[Given records]
########################################

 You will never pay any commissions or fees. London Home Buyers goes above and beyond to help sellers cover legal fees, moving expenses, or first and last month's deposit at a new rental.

########################################

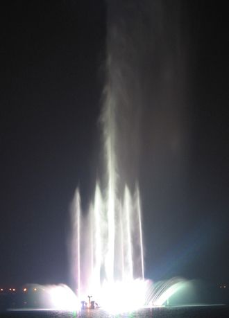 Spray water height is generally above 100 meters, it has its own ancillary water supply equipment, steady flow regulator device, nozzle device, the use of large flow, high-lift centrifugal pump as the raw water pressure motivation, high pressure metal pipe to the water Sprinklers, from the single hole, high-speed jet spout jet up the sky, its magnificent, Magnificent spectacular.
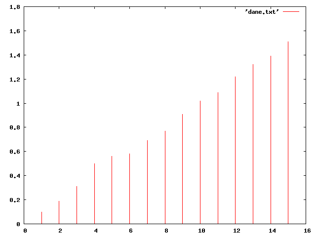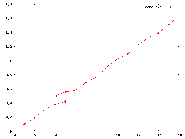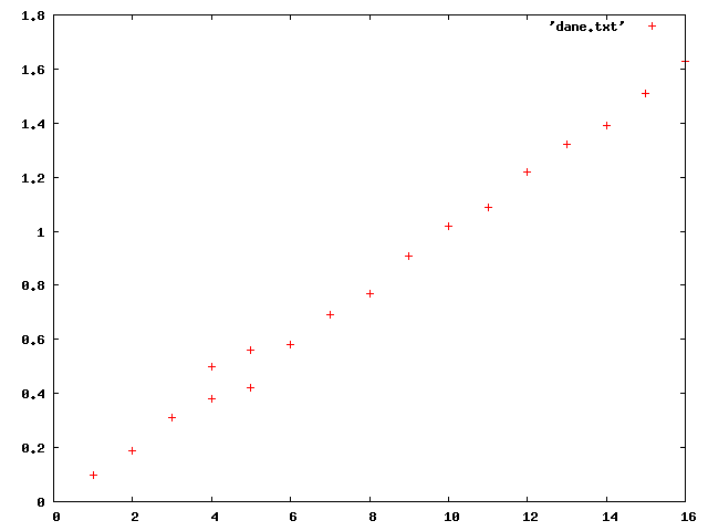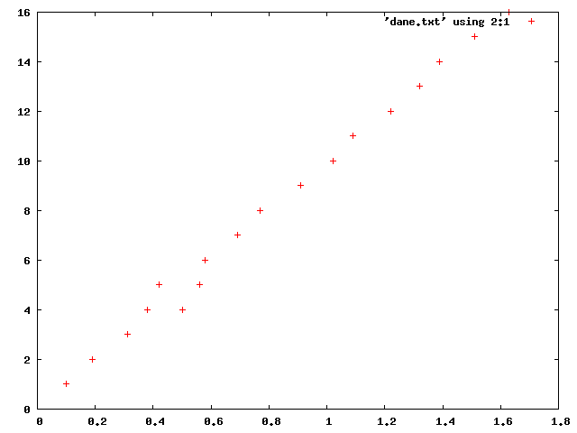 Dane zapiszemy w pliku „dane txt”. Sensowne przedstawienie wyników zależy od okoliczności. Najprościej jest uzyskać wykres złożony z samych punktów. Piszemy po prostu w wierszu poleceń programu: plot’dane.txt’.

########################################

[Work instruction] Only the lines above starting with the line with "Spray water height" and going on through the line with "Dane zapiszemy w" belong in the answer; repeat them exactly, minus any picture.

[Final answer]
 Spray water height is generally above 100 meters, it has its own ancillary water supply equipment, steady flow regulator device, nozzle device, the use of large flow, high-lift centrifugal pump as the raw water pressure motivation, high pressure metal pipe to the water Sprinklers, from the single hole, high-speed jet spout jet up the sky, its magnificent, Magnificent spectacular.
 Dane zapiszemy w pliku „dane txt”. Sensowne przedstawienie wyników zależy od okoliczności. Najprościej jest uzyskać wykres złożony z samych punktów. Piszemy po prostu w wierszu poleceń programu: plot’dane.txt’.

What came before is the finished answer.